### Work request
An exact copy of the entries, with every picture omitted, is what is needed here.

### Supplied records
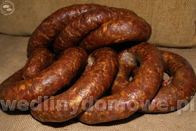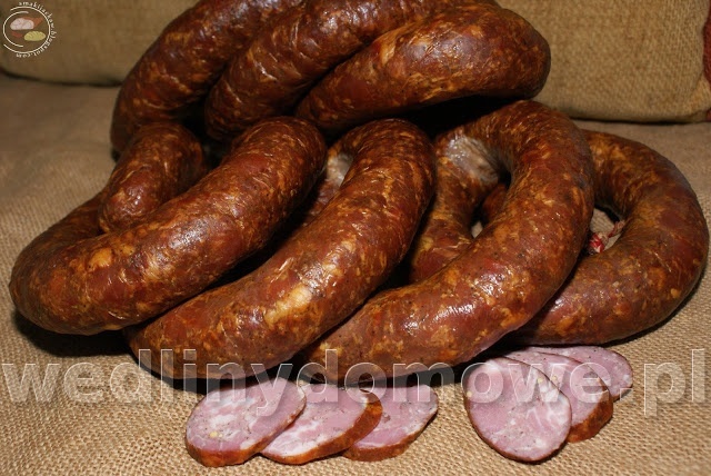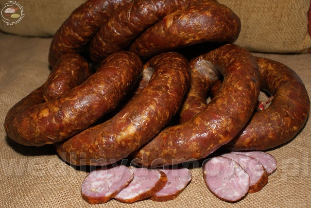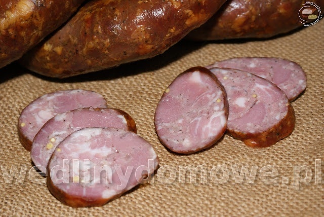 SUROWIEC I ROZDRABNIANIE maszynka nr 8-3,5 kg szynka I kl. (pokrojona w kostkę 2 cm)-2,5 kg boczek chudy (sitko 16 mm)-1 kg podgardle z przyrostem mięsnym (sitko 8 mm)-1,25 kg ścinki z szynki kl.II (sitko 8 mm)-1,25 kg ścinki z łopatki kl.II (sitko 8 mm)-0,5 kg słonina (pokrojona w kostkę max 1 cm) PRZYPRAWY I MATERIAŁY POMOCNICZE-peklo sól 17-18 g/kg-sól morska 20 g/kg do słoniny-pieprz czarny 1 g/kg-pieprz kolorowy 1 g/kg rozdrobniony w moździerzu-gorczyca ziarno 4 g/kg-ziele angielskie 0,5 g/kg-gałka muszkatołowa 0,5 g/kg-czosnek świeży 4 g/kg-suszony chili strąk 1-2 g/kg gnieciony w ręku-woda 250 ml dodana podczas mieszania mięsa razem z przyprawami-woda 100 ml dodana przed napełnieniem w jelita-jelita wp rozmiar 28-32 WYKONANIEKupione mięso tniemy w mniejsze kawałki aby można było je dobrze zapeklować. Peklujemy w osobnych pojemnikach każdy rodzaj mięska. Czas peklowania 48 godz. w temp.4-6 st. Po tym czasie mielimy boczek,podgardle oraz ścinki resztę mamy już pocięte w kostkę. Następnie mięso mieszamy każde osobno do kleistości. Później łączymy całe mięso dodajemy stopniowo przyprawy i 250 ml wody i mieszamy aby rodzaje mięs i przyprawy dobrze się wymieszały. Odstawiamy do lodówki na 10-max 24 godzin w celu wyrównania się smaków. Po tym czasie dolewamy jeszcze 100 ml.wody dokładnie mieszamy i napełniamy jelita dość ściśle. OSADZANIE W pokojowej temp.pod wiatrakiem 2 godz. OSUSZANIE Osuszany w wędzarni przy dużym ruchu powietrza do momentu aż powierzchnia kiełbas będzie sucha i ciepła. Temp.40 WĘDZENIE 3 godz.w temp. 55-60 st. Po wędzeniu podpiekamy lub parzymy PODPIEKANIE W temp. 80-90 st. do uzyskania 70 st. w środku kiełbaski PARZENIE Woda 75 -80 st.do uzyskania 68-70 w środku kiełbaski. SMACZNEGO.
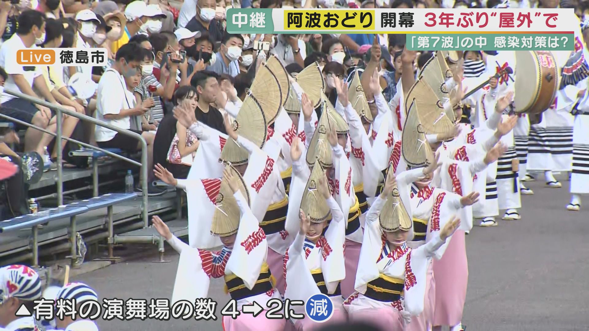 3年ぶり屋外で開幕「阿波おどり」 熱気に包まれる演舞場 男踊りと女踊り 「踊らにゃソンソン」 8月15日まで
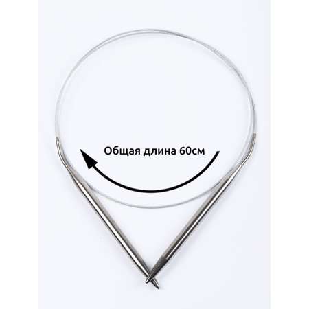 Общая длина круговых спиц: 60 см. Длина спицы: 14 см. Диаметр тросика: 1,6 мм.
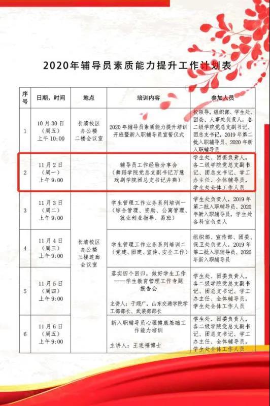 按照山东艺术学院2020年辅导员素质能力提升工作计划安排, 11月2日上午,我校在长清校区办公楼三楼连廊会议室举行辅导员工作经验分享会,学生处相关负责人,各二级学院党总支副书记、团总支书记、学工办主任、全体辅导员,学生处全体工作人员参加会议。
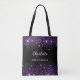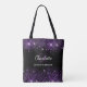 An elegant black background. Decorated with purple faux glitter dust. Personalise and add your first name, monogram initials and full name. The name is written with a hand lettered style script.
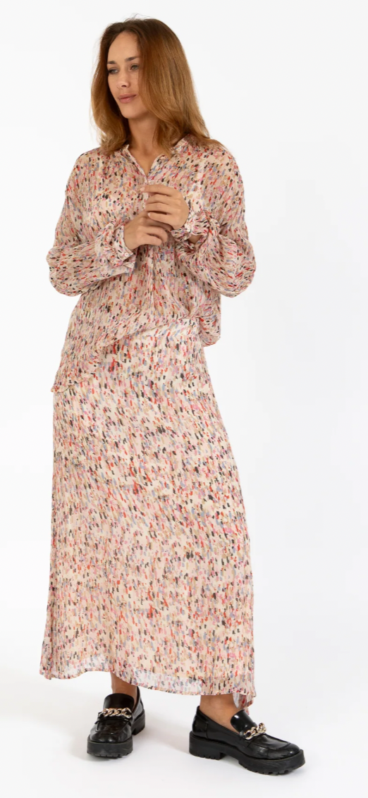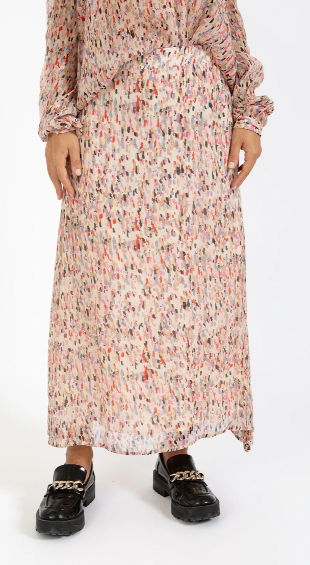 Add color and life to your wardrobe with this skirt in an eye-catching multi-splash print. The lightweight material and A-line cut, make it ideal for summer days and festive occasions.
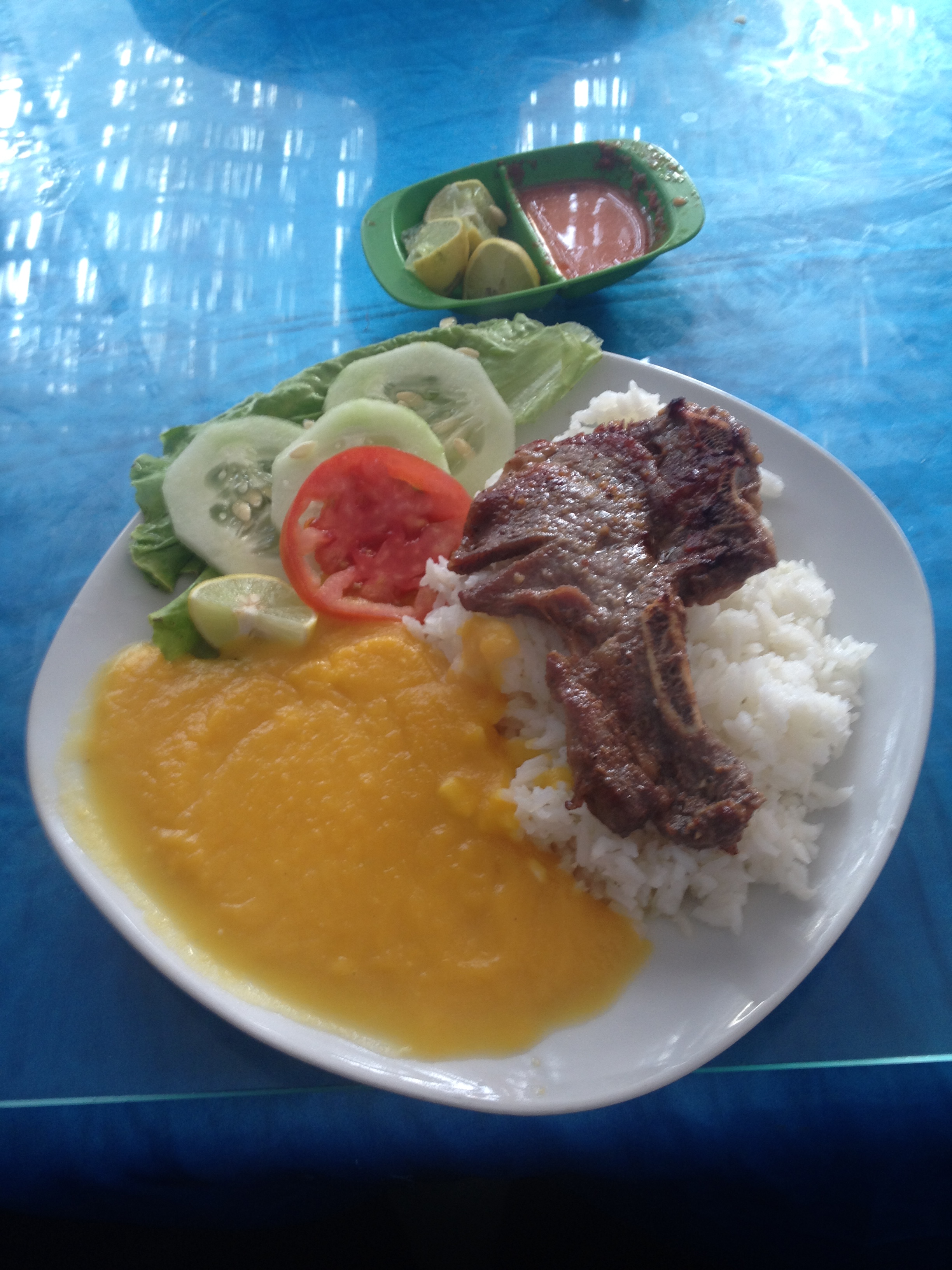 Menu de restaurante: arroz, carne, pepino, pure de calabaza (Paracas)
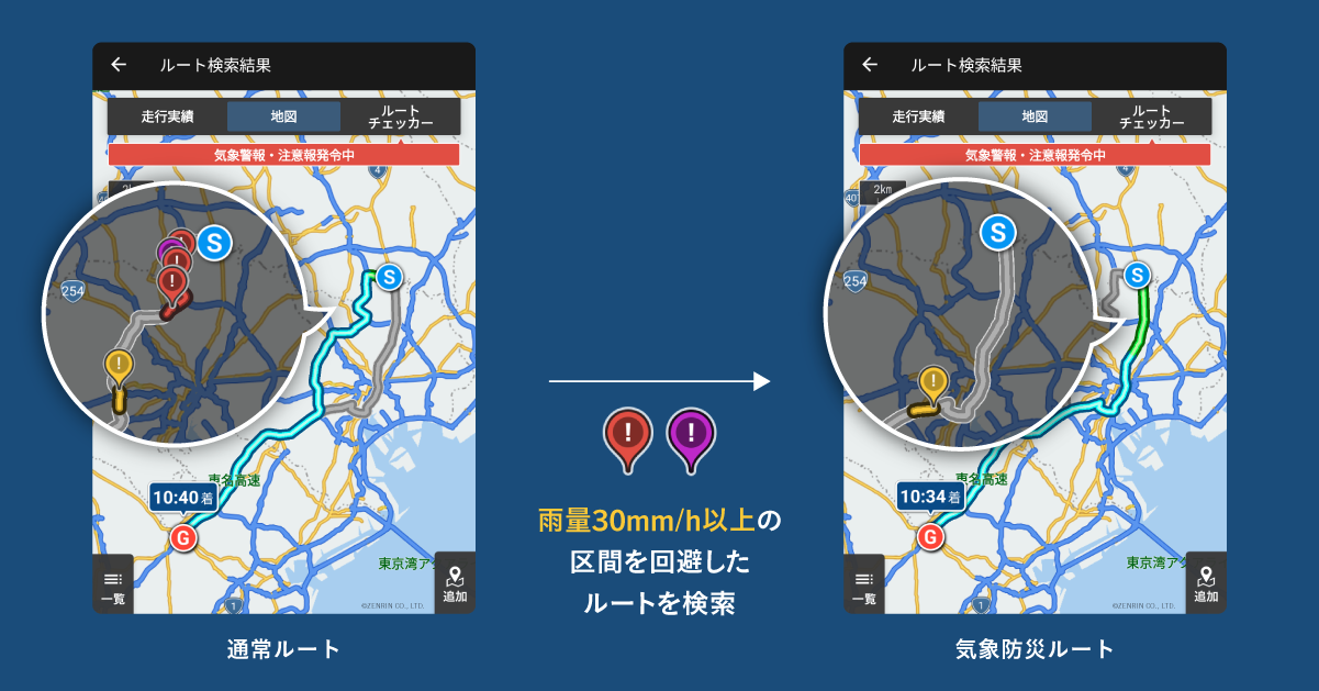 画面上で通常のルート検索結果との比較もできるので、迂回することによる所要時間や距離などの変化を確認して、気象防災ルートで運行するか、天候が回復するまで待機するか、などを判断する一助となります。

### Result for this task
 SUROWIEC I ROZDRABNIANIE maszynka nr 8-3,5 kg szynka I kl. (pokrojona w kostkę 2 cm)-2,5 kg boczek chudy (sitko 16 mm)-1 kg podgardle z przyrostem mięsnym (sitko 8 mm)-1,25 kg ścinki z szynki kl.II (sitko 8 mm)-1,25 kg ścinki z łopatki kl.II (sitko 8 mm)-0,5 kg słonina (pokrojona w kostkę max 1 cm) PRZYPRAWY I MATERIAŁY POMOCNICZE-peklo sól 17-18 g/kg-sól morska 20 g/kg do słoniny-pieprz czarny 1 g/kg-pieprz kolorowy 1 g/kg rozdrobniony w moździerzu-gorczyca ziarno 4 g/kg-ziele angielskie 0,5 g/kg-gałka muszkatołowa 0,5 g/kg-czosnek świeży 4 g/kg-suszony chili strąk 1-2 g/kg gnieciony w ręku-woda 250 ml dodana podczas mieszania mięsa razem z przyprawami-woda 100 ml dodana przed napełnieniem w jelita-jelita wp rozmiar 28-32 WYKONANIEKupione mięso tniemy w mniejsze kawałki aby można było je dobrze zapeklować. Peklujemy w osobnych pojemnikach każdy rodzaj mięska. Czas peklowania 48 godz. w temp.4-6 st. Po tym czasie mielimy boczek,podgardle oraz ścinki resztę mamy już pocięte w kostkę. Następnie mięso mieszamy każde osobno do kleistości. Później łączymy całe mięso dodajemy stopniowo przyprawy i 250 ml wody i mieszamy aby rodzaje mięs i przyprawy dobrze się wymieszały. Odstawiamy do lodówki na 10-max 24 godzin w celu wyrównania się smaków. Po tym czasie dolewamy jeszcze 100 ml.wody dokładnie mieszamy i napełniamy jelita dość ściśle. OSADZANIE W pokojowej temp.pod wiatrakiem 2 godz. OSUSZANIE Osuszany w wędzarni przy dużym ruchu powietrza do momentu aż powierzchnia kiełbas będzie sucha i ciepła. Temp.40 WĘDZENIE 3 godz.w temp. 55-60 st. Po wędzeniu podpiekamy lub parzymy PODPIEKANIE W temp. 80-90 st. do uzyskania 70 st. w środku kiełbaski PARZENIE Woda 75 -80 st.do uzyskania 68-70 w środku kiełbaski. SMACZNEGO.
 3年ぶり屋外で開幕「阿波おどり」 熱気に包まれる演舞場 男踊りと女踊り 「踊らにゃソンソン」 8月15日まで
 Общая длина круговых спиц: 60 см. Длина спицы: 14 см. Диаметр тросика: 1,6 мм.
 按照山东艺术学院2020年辅导员素质能力提升工作计划安排, 11月2日上午,我校在长清校区办公楼三楼连廊会议室举行辅导员工作经验分享会,学生处相关负责人,各二级学院党总支副书记、团总支书记、学工办主任、全体辅导员,学生处全体工作人员参加会议。
 An elegant black background. Decorated with purple faux glitter dust. Personalise and add your first name, monogram initials and full name. The name is written with a hand lettered style script.
 Add color and life to your wardrobe with this skirt in an eye-catching multi-splash print. The lightweight material and A-line cut, make it ideal for summer days and festive occasions.
 Menu de restaurante: arroz, carne, pepino, pure de calabaza (Paracas)
 画面上で通常のルート検索結果との比較もできるので、迂回することによる所要時間や距離などの変化を確認して、気象防災ルートで運行するか、天候が回復するまで待機するか、などを判断する一助となります。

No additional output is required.